Up till now, most generative music fashions have been producing mono sound. This implies MusicGen doesn’t place any sounds or devices on the left or proper facet, leading to a much less energetic and thrilling combine. The rationale why stereo sound has been principally ignored to this point is that producing stereo just isn’t a trivial activity.
As musicians, after we produce stereo alerts, we have now entry to the person instrument tracks in our combine and we are able to place them wherever we wish. MusicGen doesn’t generate all devices individually however as an alternative produces one mixed audio sign. With out entry to those instrument sources, creating stereo sound is tough. Sadly, splitting an audio sign into its particular person sources is a troublesome downside (I’ve printed a weblog publish about that) and the tech continues to be not 100% prepared.
Subsequently, Meta determined to include stereo technology straight into the MusicGen mannequin. Utilizing a brand new dataset consisting of stereo music, they skilled MusicGen to provide stereo outputs. The researchers declare that producing stereo has no further computing prices in comparison with mono.
Though I really feel that the stereo process just isn’t very clearly described within the paper, my understanding it really works like this (Determine 3): MusicGen has discovered to generate two compressed audio alerts (left and proper channel) as an alternative of 1 mono sign.
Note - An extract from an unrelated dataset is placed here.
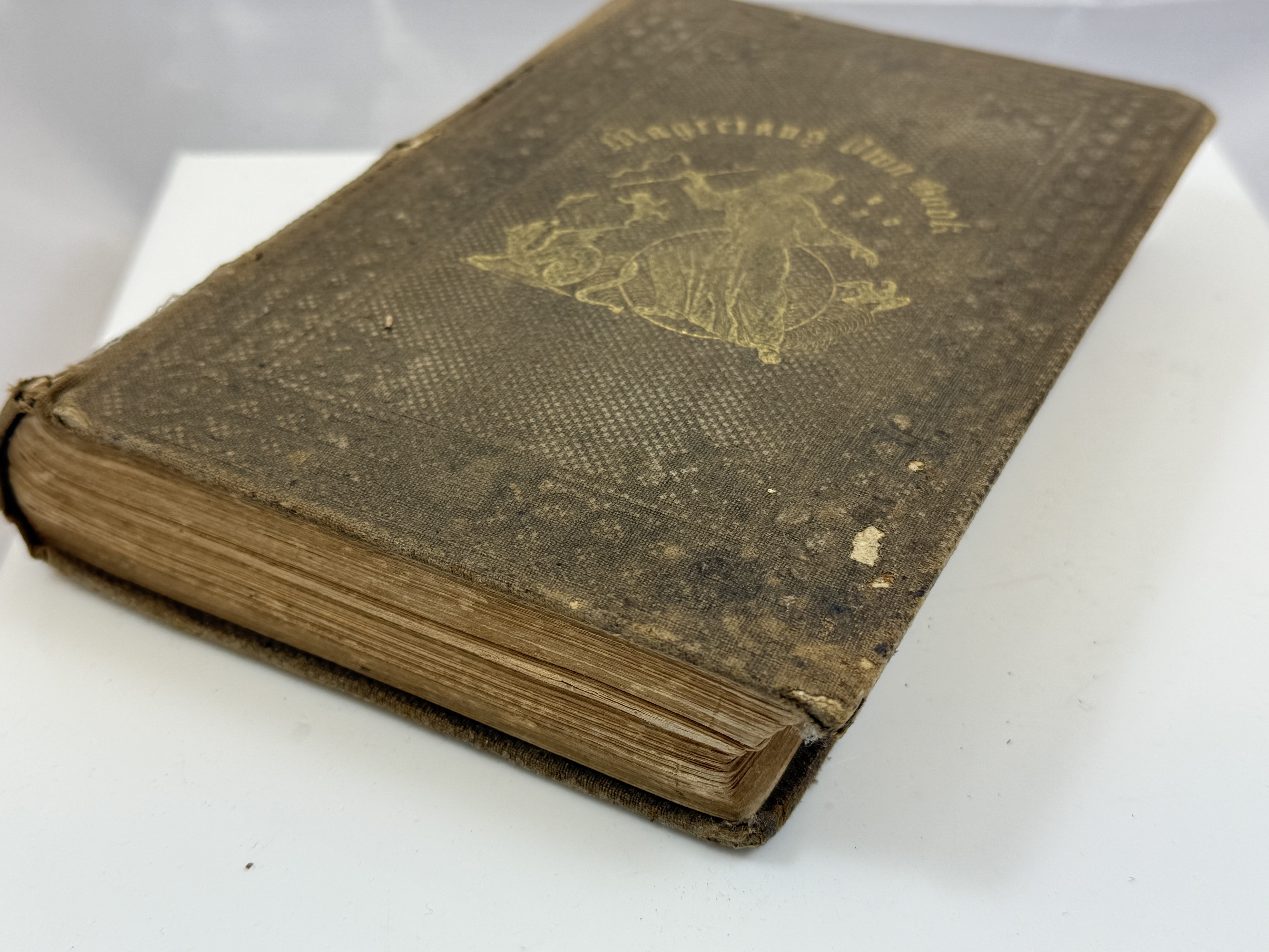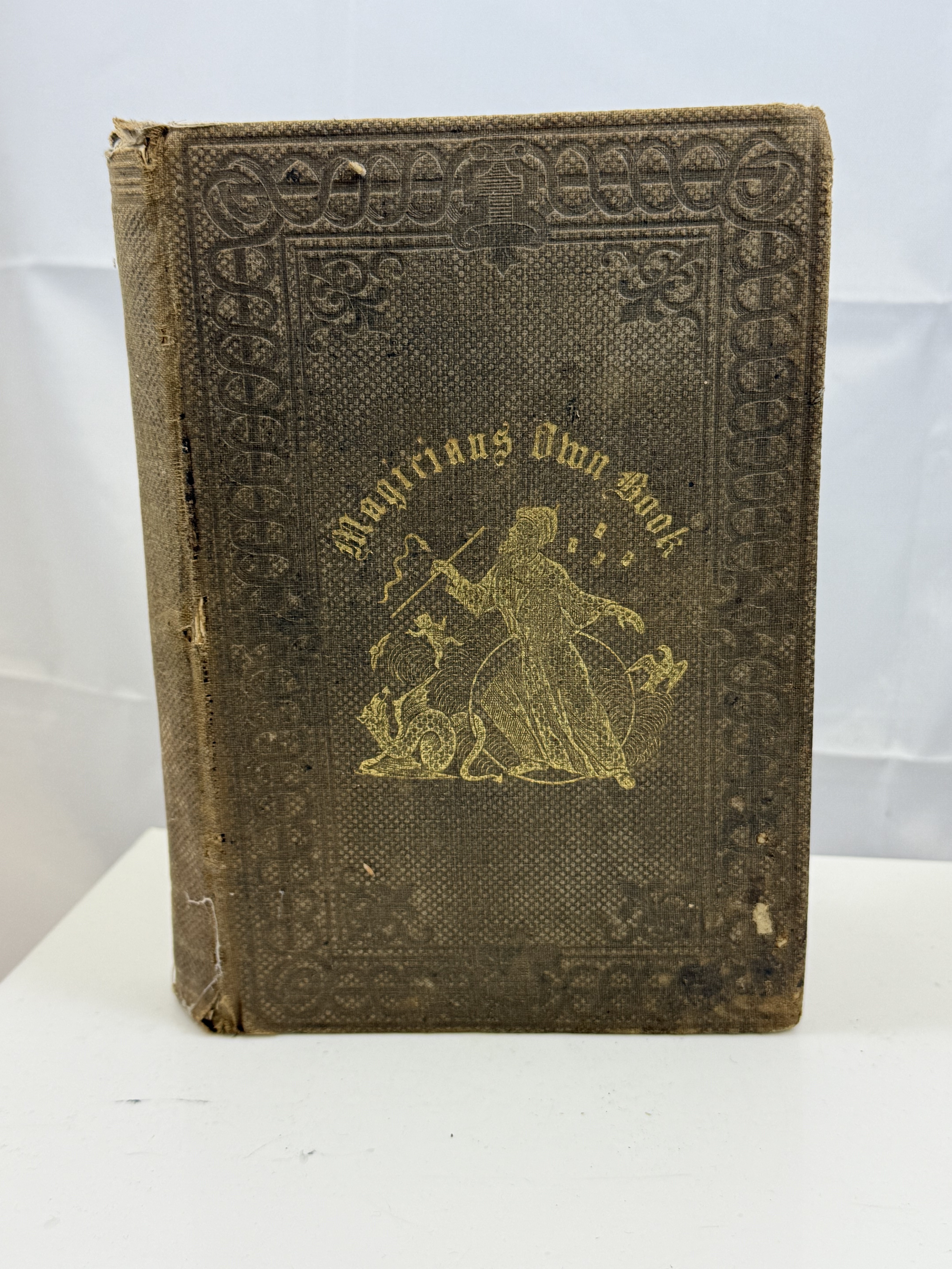 This is an authentic antique hardcover edition of The Magician’s Own Book, showing signs of its age and well-earned shelf life. The decorative cloth cover retains its embossed detailing and gold-stamped illustration, though both front and back show noticeable fading and surface wear. The spine has fraying at both the head and foot, with wear to the corners and some splitting along the edges. Surface soiling and foxing are present, particularly along the fore-edge and rear cover.

These compressed alerts should then be decoded individually earlier than they’re mixed to construct the ultimate stereo output. The rationale this course of doesn’t take twice as lengthy is that MusicGen can now produce two compressed audio alerts at roughly the identical time it beforehand took for one sign.
With the ability to produce convincing stereo sound actually units MusicGen other than different state-of-the-art fashions like MusicLM or Steady Audio. From my perspective, this “little” addition makes an enormous distinction within the liveliness of the generated music. Hear for yourselves (may be onerous to listen to on smartphone audio system):
Mono
Stereo
MusicGen was spectacular from the day it was launched. Nevertheless, since then, Meta’s FAIR staff has been frequently bettering their product, enabling increased high quality outcomes that sound extra genuine. In relation to text-to-music fashions producing audio alerts (not MIDI and so forth.), MusicGen is forward of its rivals from my perspective (as of November 2023).
Additional, since MusicGen and all its associated merchandise (EnCodec, AudioGen) are open-source, they represent an unimaginable supply of inspiration and a go-to framework for aspiring AI audio engineers. If we have a look at the enhancements MusicGen has made in solely 6 months, I can solely think about that 2024 can be an thrilling 12 months.
One other vital level is that with their clear strategy, Meta can be doing foundational work for builders who need to combine this know-how into software program for musicians. Producing samples, brainstorming musical concepts, or altering the style of your present work — these are a few of the thrilling purposes we’re already beginning to see. With a adequate stage of transparency, we are able to be certain that we’re constructing a future the place AI makes creating music extra thrilling as an alternative of being solely a risk to human musicianship.